◆ ASSIGNED TASK ◆
Below are some records. Write out the line that contains "迈凯伦GT的内饰一眼就可看出" and all lines after it, exactly, but not the pictures.

─── DATASET RECORDS

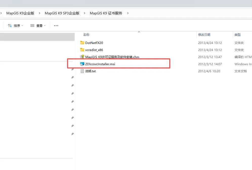 2.找到MapGIS K9 证书服务文件夹中的“ZDlccsvcInstaller.msi”,右键安装
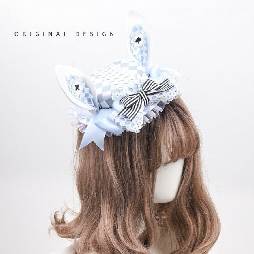 ブラック×ホワイトのストライプリボンに、トランプモチーフを添えたクラシカルなロリィタヘアアクセサリー。
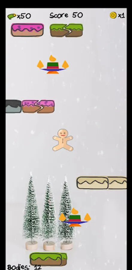 Gingerbread Jumper is a fun reaction jump game. In the game, you must tilt to move the gingerbread left or right and avoid moving candles.
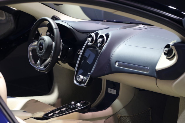 迈凯伦GT的内饰一眼就可看出来是迈凯伦的车,大部分布局和造型都承袭自之前的车款,但用料上更加奢华,车厢内大部分面积都被Nappa真皮以及Alcantara材质包裹,同时MSO(迈凯伦的客户定制部门)还可以为用户提供更高等级的皮革甚至羊绒材质的定制化内饰。
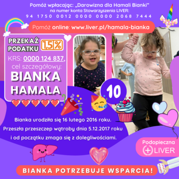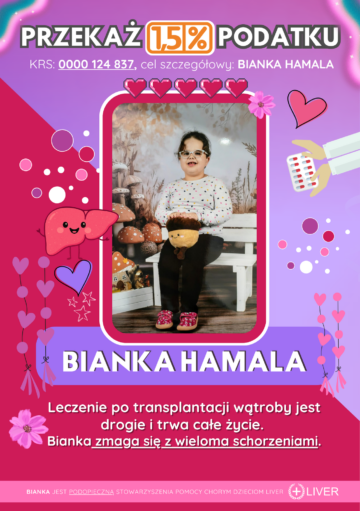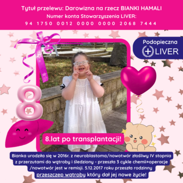 Bianka urodziła się w 2016 roku z neuroblastoma/nowotwór złośliwy IV stopnia z przerzutami do wątroby i śledziony – przeszła 3 cykle chemii+operacje /nowotwór jest w remisji. W 2017 roku przeszła rodzinny przeszczep wątroby, który dał jej nowe życie ![]()
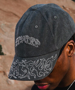 Pretty Flacko Distressed Dad Hat Metal Clasp Strapback Closure 6 Panel Dad Cap Chain Stitch Logo on Front And Bill
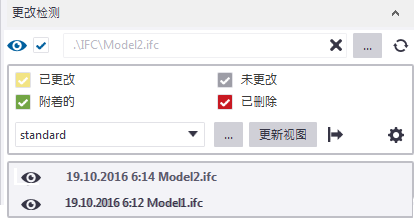 还会显示更改列表和属性细部列表。更改列表内容基于 IFC 内容,且包含所有物理对象类型。颜色与更改检测中的颜色相同。
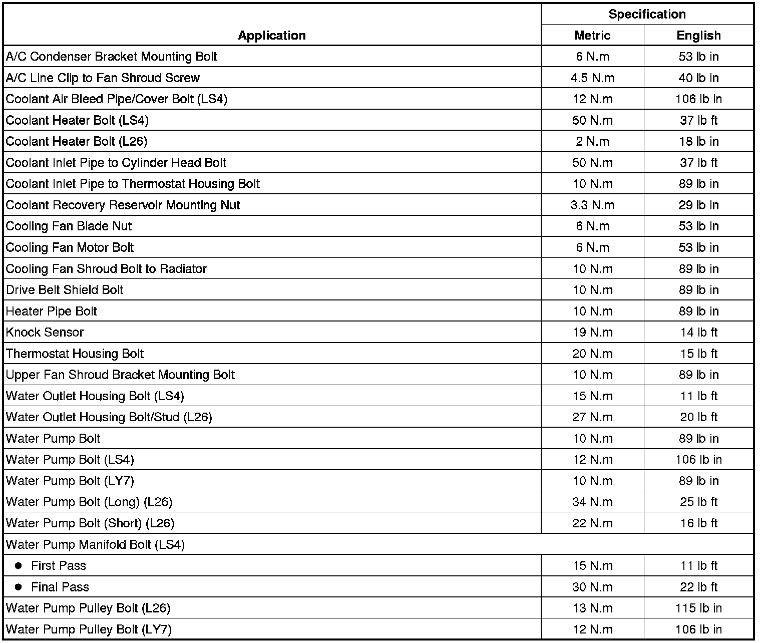 Fastener Tightening Specifications

──────

◆ RESULT OF THE EXERCISE ◆
 迈凯伦GT的内饰一眼就可看出来是迈凯伦的车,大部分布局和造型都承袭自之前的车款,但用料上更加奢华,车厢内大部分面积都被Nappa真皮以及Alcantara材质包裹,同时MSO(迈凯伦的客户定制部门)还可以为用户提供更高等级的皮革甚至羊绒材质的定制化内饰。
 Bianka urodziła się w 2016 roku z neuroblastoma/nowotwór złośliwy IV stopnia z przerzutami do wątroby i śledziony – przeszła 3 cykle chemii+operacje /nowotwór jest w remisji. W 2017 roku przeszła rodzinny przeszczep wątroby, który dał jej nowe życie ![]()
 Pretty Flacko Distressed Dad Hat Metal Clasp Strapback Closure 6 Panel Dad Cap Chain Stitch Logo on Front And Bill
 还会显示更改列表和属性细部列表。更改列表内容基于 IFC 内容,且包含所有物理对象类型。颜色与更改检测中的颜色相同。
 Fastener Tightening Specifications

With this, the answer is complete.